CSV stand for Comma Separated Value format. It is a near ancient file format which is used to store data in rows and columns. If you have a CSV file on the computer (in Windows) right-click on it and open it in Notepad. The contents should look something like this:

PersonalID,FirstName,LastName
B7YIOJIGF9CDP6FV7TANQXLMQRMBTVTB,Bob,Person
ASGJ4F95HS85N39DJ12AJB094M59DJ45,Jane,People

However, if you open the same CSV in Excel it will look something like this:

PersonalID FirstName LastName
B7YIOJIGF9CDP6FV7TANQXLMQRMBTVTB Bob Person
ASGJ4F95HS85N39DJ12AJB094M59DJ45 Jane People

Let’s be honest, the second example is easier for humans to read (well, unless you’re an odd human). And for the most part, we will be looking at CSVs in Excel or in RStudio’s dataview which looks similar to Excel. However, it is important to note the easier to read version can hide data errors that may only be visible by viewing the raw CSV. Nothing to worry about now, but keep it in mind.

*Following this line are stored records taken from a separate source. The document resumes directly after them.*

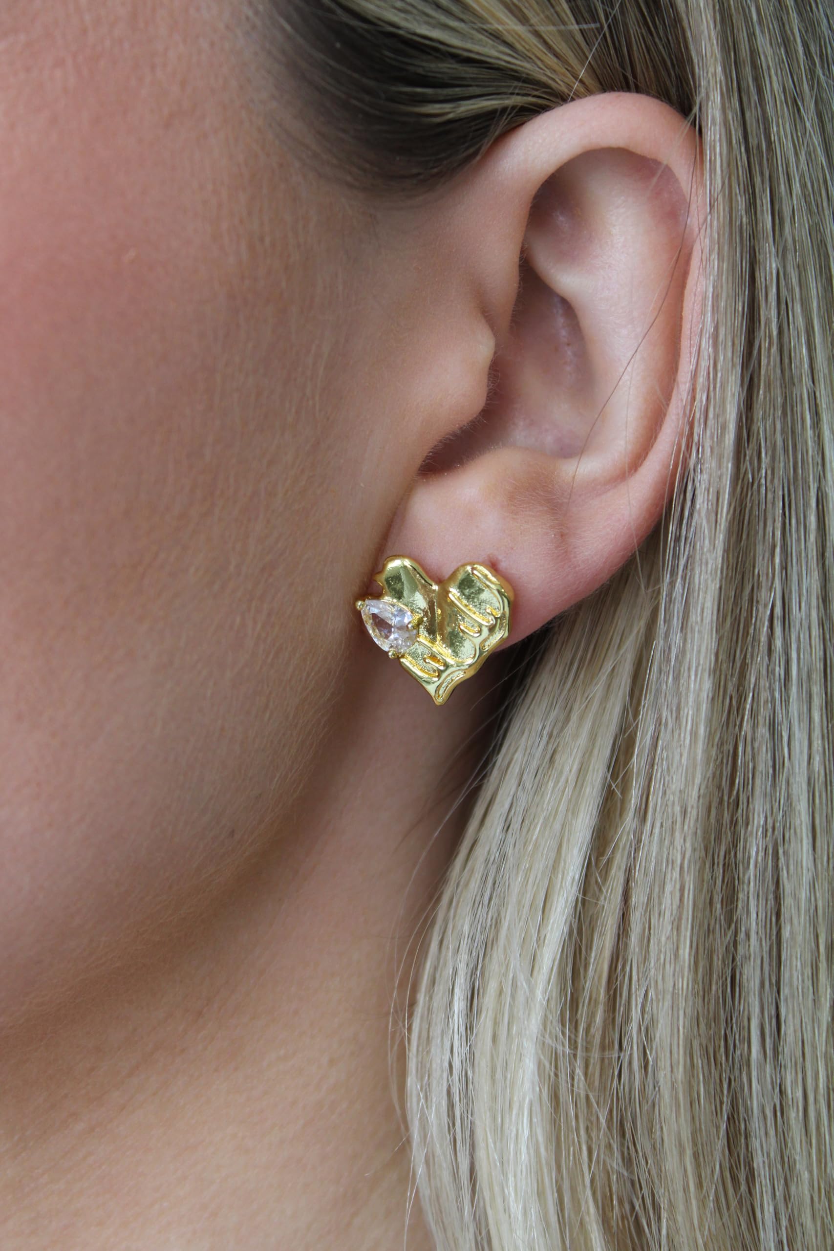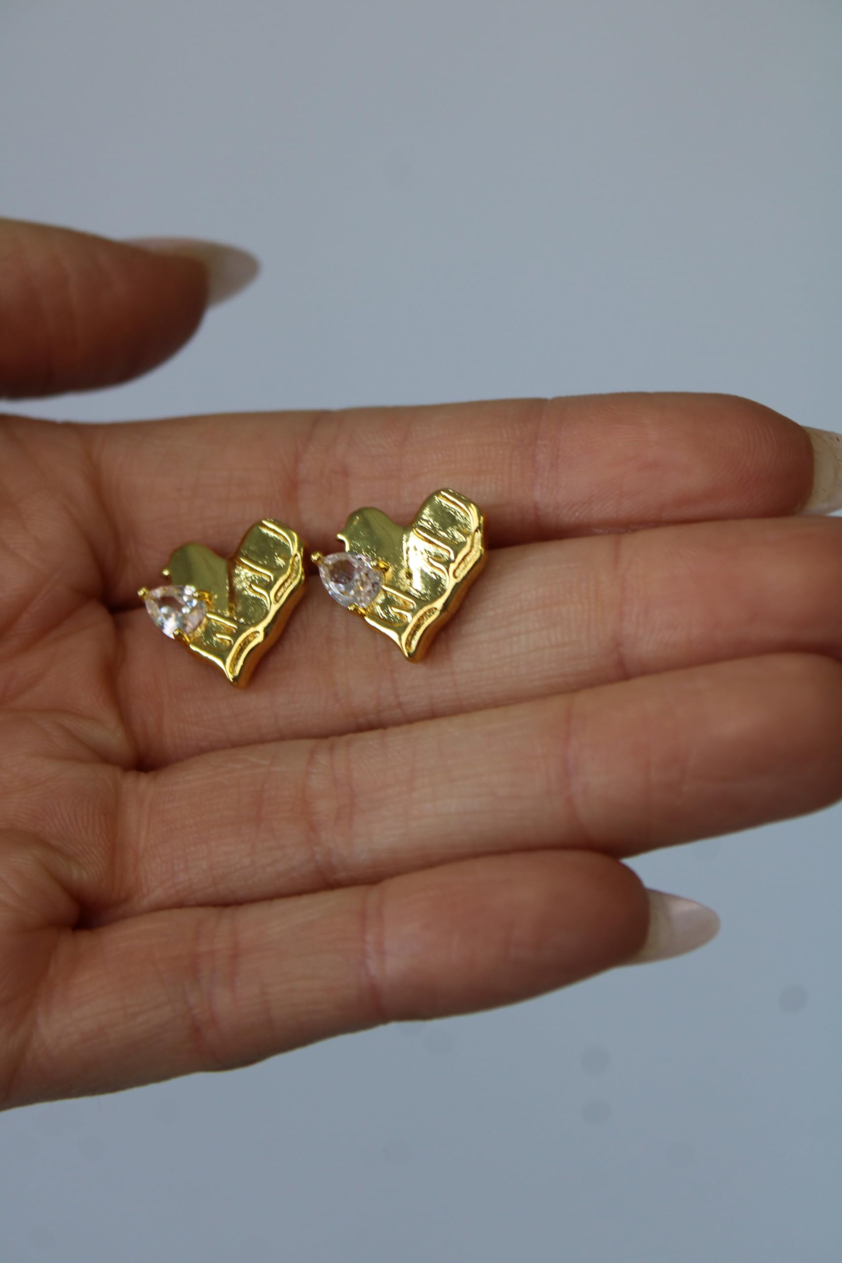 Chunky Heart Earrings – 18K Gold Plated Bold Statement Earrings for Women
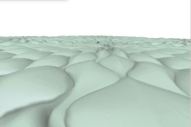 The molds visualized above would be filled with cement, concrete and reinforcement , (according to proportioned, engineered specs). Below, the cement is visualized, covering the molds. Dense infilling with concrete and steel reinforcement could comprise vault surfaces shown below.
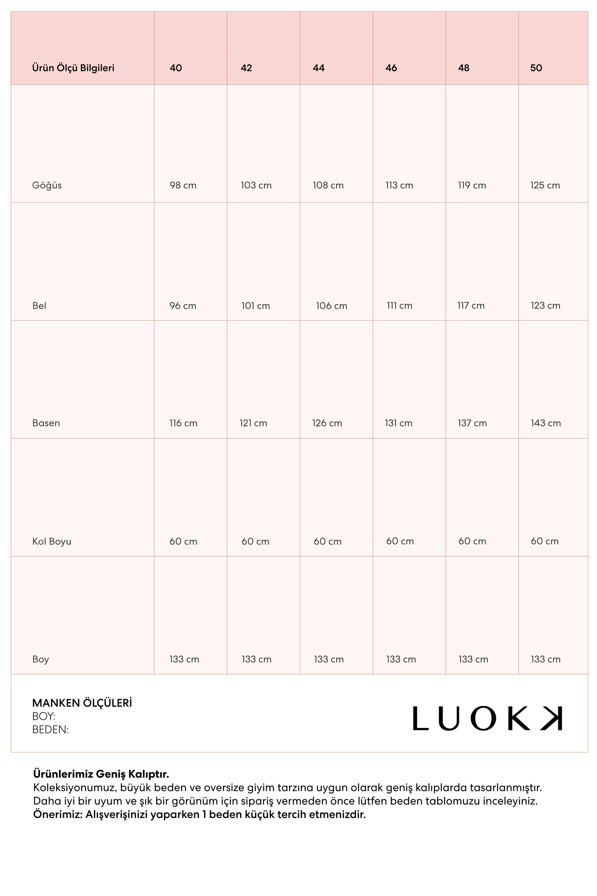 | Ölçüler | 42 | 44 | 46 | 48 | 50 |

Alright, let’s explore how to load a CSV file into R. There is many way’s to do this, but let’s start with a super-easy way:

pathToCsv <- file.choose()
myCsvAsADataFrame <- read.csv(pathToCsv)
 

These two commands, when executed, will force R to create a file selection box. This will allow us to easily select the CSV to load into R. Once selected and we pressOk then R will load the selected file’s path into the variable pathToCsv.

The next command read.csv() takes the path provided and attempts to load the file it points to and converts it into a dataframe. Once R creates a dataframe from the file selected it saves it in the variable myCsvAsADataFrame

And that’s it. The data is now loaded into R and it can be manipulated with other commands.

Writing CSVs

Saving data from R is the other end of importing data. This process is often referred to as exporting data. Really, it’s simply taking a R dataframe and converting it into a file–once in a file form it can be loaded into Excel or emailed to a peer (but, please don’t email personal information–remember, CSVs are simply text).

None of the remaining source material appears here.